I want to evaluate the 2D integral of all points that lie on the unit sphere's surface whose angle to the x-axis is less than or equal to $\pi/4$ or $45^\circ$. The obvious way is to use trigonometric functions
$$\int_0^{\frac{\pi}{4}}\begin{pmatrix} \cos{\alpha} \\ \sin{\alpha} \end{pmatrix} d \alpha = \begin{pmatrix} \frac{1}{\sqrt{2}} \\ 1- \frac{1}{\sqrt{2}}\end{pmatrix} \approx \begin{pmatrix} 0.707 \\ 0.292\end{pmatrix}$$
Just for fun I tried to integrate by walking along the right side of the unit rectangle and normalize each of these vectors so as to end up on the unit sphere again. I expected this to return the same result, however
$$ \int_0^1 \frac{1}{\sqrt{1+t^2}}\begin{pmatrix} 1 \\ t\end{pmatrix}dt = \begin{pmatrix} \arcsin{1} \\ \sqrt{2} - 1\end{pmatrix} \approx \begin{pmatrix} 0.881 \\ 0.414\end{pmatrix} $$
Why are these two integrals different? Plotting the integrated functions in a parameter plot yields exactly the same curve. How come the integrals are different?
More Context The question I'm essentially asking is: Why do different parametrizations of the same set of points yield different results when integrated? You might ask: Why should they? A naive view on integration is to see it as a process of summation of points - which is commutative for finite sums and suggests that these integrals should evaluate to the same result.
See this image. The first parametrizations is using the angle and trigonometric functions for x and y coordinates (red, solid, first integral above). The second parametrization takes a point on the unit rectangle (red, dashed, second integral above), then normalizes it to acquire a point on the unit circle again. There's a bijective relationship between the two integrands.

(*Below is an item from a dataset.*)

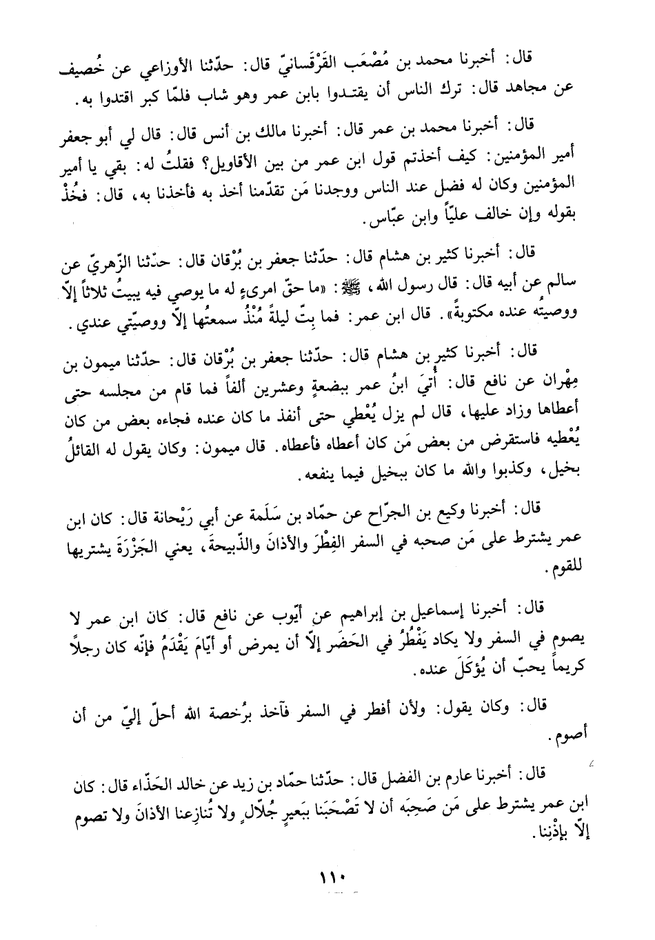 قَالَ: أَخْبَرَنَا عَارِمُ بْنُ الْفَضْلِ قَالَ: حَدَّثَنَا حَمَّادُ بْنُ زَيْدٍ عَنْ خَالِدٍ الْحَذَّاءِ قَالَ: كان ابن عمر يشترط على من صحبه أَنْ لا تَصْحَبَنَا بِبَعِيرٍ جُلالٍ وَلا تُنَازِعَنَا الأذان ولا تصوم إلا بإذننا.

If I plot the two integrands along their respective integration ranges I get exactly the same set of points (red, solid). So how come the integration yields different results?
The question might be very naive after all, but its answer eludes me.
While you have chosen variables satisfying
$$ \begin{pmatrix} \cos{\alpha} \\ \sin{\alpha} \end{pmatrix} = \frac{1}{\sqrt{1+t^2}}\begin{pmatrix} 1 \\ t\end{pmatrix}$$
the differentials are not equal: $\mathrm{d} \alpha \neq \mathrm{d}t$. Thus
$$ \begin{pmatrix} \cos{\alpha} \\ \sin{\alpha} \end{pmatrix} \mathrm{d}\alpha \neq \frac{1}{\sqrt{1+t^2}}\begin{pmatrix} 1 \\ t\end{pmatrix} \mathrm{d} t$$
The two integrals have different integrands, and so there is no reason to expect them to be the same.